Нюрка возвещает громким как из бочки, голосом:
— Так, личность установлена. Комиссия приступает к работе!
Она достает новый листок, Кац источает флюидную ласку на меня и на маму, а Нюрка читает:
— «Жалоба. Я, гражданка, проживающая в квартире… — Ее голос звучит торжественно, официально, он полон силы и… некоторого зловещего оттенка, правда, совсем чуть-чуть, чтобы всем было ясно, что это не комедия, не балаган, а серьезное дело, всем необходимое. — …а в ответ на мои требования они злостным образом обеспечивали сохранность непристойного изображения голых тел взрослых людей религиозного направления…»
Феофаниха ахает, рука ее тянется ко лбу, но под грозным взглядом мужа, пальцы, на секунду застыв у лба, опускаются.
— «…на дверях нашей кладовки, — продолжает Нюрка чтение, — общего пользования, делая мое появление в кухне общего пользования невозможным, так что я стала готовить в комнате…»
Феофаниха опять ахает. Но ведь известно, что все мы теперь готовим в комнатах, а это всё — только треп.
— «…Кроме того, в коридоре… — Члены комиссии как по команде поворачиваются туда, где стоят шкафы с гравюрами и книгами. — …стоят шкафы с вещами неизвестного происхождения…»
Мама молчит, а Кац уже достала бумагу и, положив ее на свой портфель, быстро-быстро что-то пишет. Мама продолжает молчать, и Нюрка спрашивает:
— Где… где эта непристойность?
— Это изображение — не непристойное!
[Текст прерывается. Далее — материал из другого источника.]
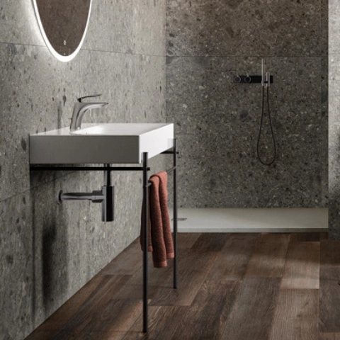 RAK - DES to kolekcja, na którą składają się umywalki owalne nablatowe, umywalki wolnostojące o wyjątkowych opływowych kształtach oraz prostokątne umywalki nablatowe o minimalistycznych, subtelnych liniach, które mogą być zestawione z szafkami JOY i JOY UNO czy mogą być łączone z metalowymi stelażami, miski WC i bidety o opływowych kształtach.

Но если вы хотите его видеть — оно за вами.
Вся комиссия во главе с Нюркой перестраивается, при этом Феофанихе удается все-таки перекреститься, так как Робинзон в это время силится отколупнуть бронзовое украшение от столика.
— И для этого вас учили?! Чтобы вы… в наши дни занимались этим? Немедленно! Завтра же стереть эту непристойность! Эту… которая оскорбляет всех нас!
С сияющей победной улыбкой в их ряды входит Дуся, появившаяся из своей комнаты. Она цветет.
— А-а! Хорошо, что пришла! — приветствует ее Нюрка.
Я замечаю, что пребывание Нюрки в заместителях домоуправа превратило ее в другого человека: голос звучит уверенно, прежняя привычная наглость затушевывается той властностью, которая появляется у людей, осознающих свою реальную силу.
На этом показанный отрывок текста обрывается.